┏━━

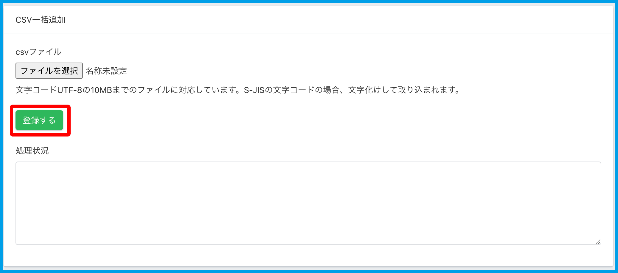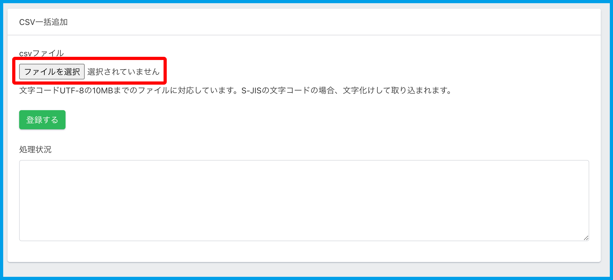 1.【ファイルを選択】をクリックし、ポップアップウィンドウにて追加するCSVファイルを選択します。
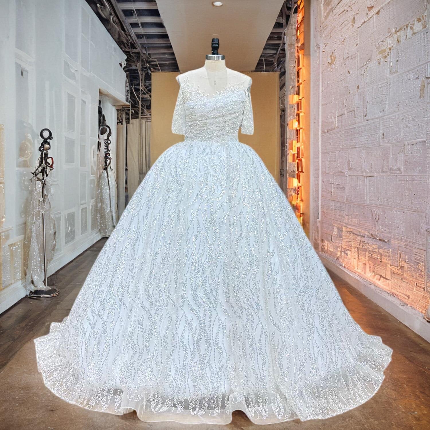The Hire Lnyer wedding dress features delicate pearls, shimmering sequins, and a flattering lace-up back for a timeless bridal look. Its voluminous ball gown silhouette ensures a dramatic and elegant entrance on your special day.
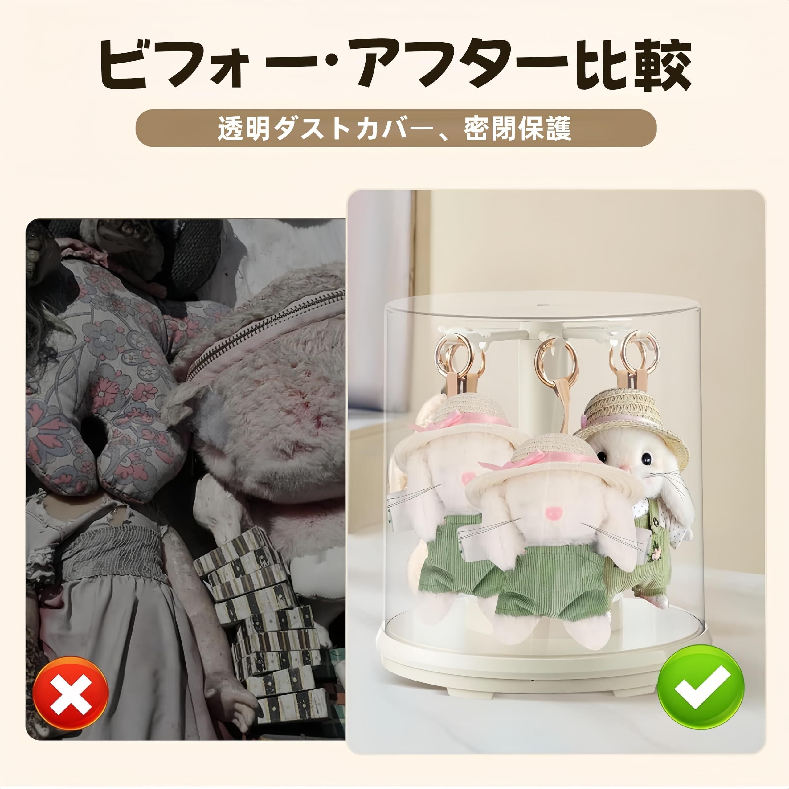 360° 回転可視設計:ぬいぐるみ ディスプレイケース は底部回転機構を採用,360 度スムーズに回転可能。透明アクリル素材で本体を製作,内部のぬいぐるみやラブブ コレクションを全方位から確認できる。子供部屋ではお気に入りのぬいぐるみを展示して部屋を可愛く飾り,収納する同時に「おもちゃのおしゃれな陳列棚」としても活用できる。回転時の音は 20dB 以下に抑制,静かな使用体験を提供します
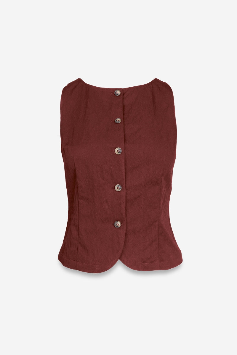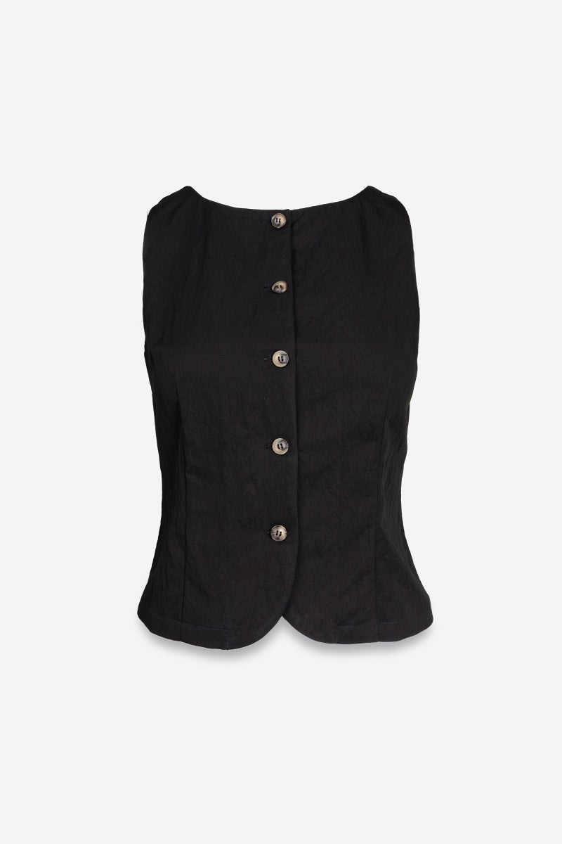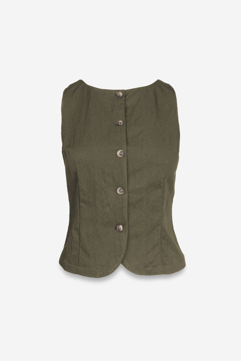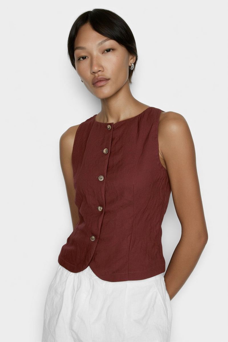 Sleeveless Woven Vest With Back Tie

┗━━

With pictures left out, transcribe each line from the one containing "360° 回転可視設計:ぬいぐるみ ディスプレイケース" through the end of the data, both ends included.

 360° 回転可視設計:ぬいぐるみ ディスプレイケース は底部回転機構を採用,360 度スムーズに回転可能。透明アクリル素材で本体を製作,内部のぬいぐるみやラブブ コレクションを全方位から確認できる。子供部屋ではお気に入りのぬいぐるみを展示して部屋を可愛く飾り,収納する同時に「おもちゃのおしゃれな陳列棚」としても活用できる。回転時の音は 20dB 以下に抑制,静かな使用体験を提供します
 Sleeveless Woven Vest With Back Tie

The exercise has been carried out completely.